::: EXCERPTED RECORDS

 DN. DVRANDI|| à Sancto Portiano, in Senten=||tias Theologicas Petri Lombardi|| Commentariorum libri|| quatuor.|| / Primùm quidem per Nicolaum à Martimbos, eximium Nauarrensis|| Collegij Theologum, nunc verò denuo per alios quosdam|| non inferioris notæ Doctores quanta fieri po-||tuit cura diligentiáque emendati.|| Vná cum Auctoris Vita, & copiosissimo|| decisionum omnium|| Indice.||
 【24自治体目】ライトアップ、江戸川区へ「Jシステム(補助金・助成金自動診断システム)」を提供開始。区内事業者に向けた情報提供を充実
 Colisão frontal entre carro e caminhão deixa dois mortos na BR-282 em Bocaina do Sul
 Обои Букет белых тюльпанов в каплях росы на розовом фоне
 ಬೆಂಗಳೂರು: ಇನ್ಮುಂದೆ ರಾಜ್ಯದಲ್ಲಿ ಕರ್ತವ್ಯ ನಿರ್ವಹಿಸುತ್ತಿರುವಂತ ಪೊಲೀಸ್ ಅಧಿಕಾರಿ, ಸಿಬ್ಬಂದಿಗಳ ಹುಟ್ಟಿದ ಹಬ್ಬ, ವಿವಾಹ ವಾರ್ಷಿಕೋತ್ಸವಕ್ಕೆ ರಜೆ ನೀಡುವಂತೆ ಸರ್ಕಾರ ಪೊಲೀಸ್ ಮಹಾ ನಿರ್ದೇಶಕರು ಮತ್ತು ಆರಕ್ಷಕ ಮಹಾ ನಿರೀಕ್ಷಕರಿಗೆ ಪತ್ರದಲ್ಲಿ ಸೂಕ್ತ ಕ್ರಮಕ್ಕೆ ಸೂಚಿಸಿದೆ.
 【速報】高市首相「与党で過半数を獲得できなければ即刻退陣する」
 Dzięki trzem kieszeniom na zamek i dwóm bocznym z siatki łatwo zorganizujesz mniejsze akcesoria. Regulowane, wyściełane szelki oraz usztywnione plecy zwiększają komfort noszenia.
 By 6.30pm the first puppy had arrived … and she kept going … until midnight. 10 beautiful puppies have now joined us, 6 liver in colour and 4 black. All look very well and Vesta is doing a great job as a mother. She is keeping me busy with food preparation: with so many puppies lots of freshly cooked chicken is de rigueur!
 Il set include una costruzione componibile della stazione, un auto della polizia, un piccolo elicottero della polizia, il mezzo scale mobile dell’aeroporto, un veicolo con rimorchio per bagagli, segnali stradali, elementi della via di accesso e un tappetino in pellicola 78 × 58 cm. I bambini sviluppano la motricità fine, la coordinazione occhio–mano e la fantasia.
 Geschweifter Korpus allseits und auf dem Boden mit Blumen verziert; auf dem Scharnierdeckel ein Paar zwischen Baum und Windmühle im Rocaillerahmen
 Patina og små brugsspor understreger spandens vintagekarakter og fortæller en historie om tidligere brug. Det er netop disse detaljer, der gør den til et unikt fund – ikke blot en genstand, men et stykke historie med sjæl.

::::::

WORK ORDER:
Give back each line above precisely as it stands.

WRITTEN ANSWER:
 DN. DVRANDI|| à Sancto Portiano, in Senten=||tias Theologicas Petri Lombardi|| Commentariorum libri|| quatuor.|| / Primùm quidem per Nicolaum à Martimbos, eximium Nauarrensis|| Collegij Theologum, nunc verò denuo per alios quosdam|| non inferioris notæ Doctores quanta fieri po-||tuit cura diligentiáque emendati.|| Vná cum Auctoris Vita, & copiosissimo|| decisionum omnium|| Indice.||
 【24自治体目】ライトアップ、江戸川区へ「Jシステム(補助金・助成金自動診断システム)」を提供開始。区内事業者に向けた情報提供を充実
 Colisão frontal entre carro e caminhão deixa dois mortos na BR-282 em Bocaina do Sul
 Обои Букет белых тюльпанов в каплях росы на розовом фоне
 ಬೆಂಗಳೂರು: ಇನ್ಮುಂದೆ ರಾಜ್ಯದಲ್ಲಿ ಕರ್ತವ್ಯ ನಿರ್ವಹಿಸುತ್ತಿರುವಂತ ಪೊಲೀಸ್ ಅಧಿಕಾರಿ, ಸಿಬ್ಬಂದಿಗಳ ಹುಟ್ಟಿದ ಹಬ್ಬ, ವಿವಾಹ ವಾರ್ಷಿಕೋತ್ಸವಕ್ಕೆ ರಜೆ ನೀಡುವಂತೆ ಸರ್ಕಾರ ಪೊಲೀಸ್ ಮಹಾ ನಿರ್ದೇಶಕರು ಮತ್ತು ಆರಕ್ಷಕ ಮಹಾ ನಿರೀಕ್ಷಕರಿಗೆ ಪತ್ರದಲ್ಲಿ ಸೂಕ್ತ ಕ್ರಮಕ್ಕೆ ಸೂಚಿಸಿದೆ.
 【速報】高市首相「与党で過半数を獲得できなければ即刻退陣する」
 Dzięki trzem kieszeniom na zamek i dwóm bocznym z siatki łatwo zorganizujesz mniejsze akcesoria. Regulowane, wyściełane szelki oraz usztywnione plecy zwiększają komfort noszenia.
 By 6.30pm the first puppy had arrived … and she kept going … until midnight. 10 beautiful puppies have now joined us, 6 liver in colour and 4 black. All look very well and Vesta is doing a great job as a mother. She is keeping me busy with food preparation: with so many puppies lots of freshly cooked chicken is de rigueur!
 Il set include una costruzione componibile della stazione, un auto della polizia, un piccolo elicottero della polizia, il mezzo scale mobile dell’aeroporto, un veicolo con rimorchio per bagagli, segnali stradali, elementi della via di accesso e un tappetino in pellicola 78 × 58 cm. I bambini sviluppano la motricità fine, la coordinazione occhio–mano e la fantasia.
 Geschweifter Korpus allseits und auf dem Boden mit Blumen verziert; auf dem Scharnierdeckel ein Paar zwischen Baum und Windmühle im Rocaillerahmen
 Patina og små brugsspor understreger spandens vintagekarakter og fortæller en historie om tidligere brug. Det er netop disse detaljer, der gør den til et unikt fund – ikke blot en genstand, men et stykke historie med sjæl.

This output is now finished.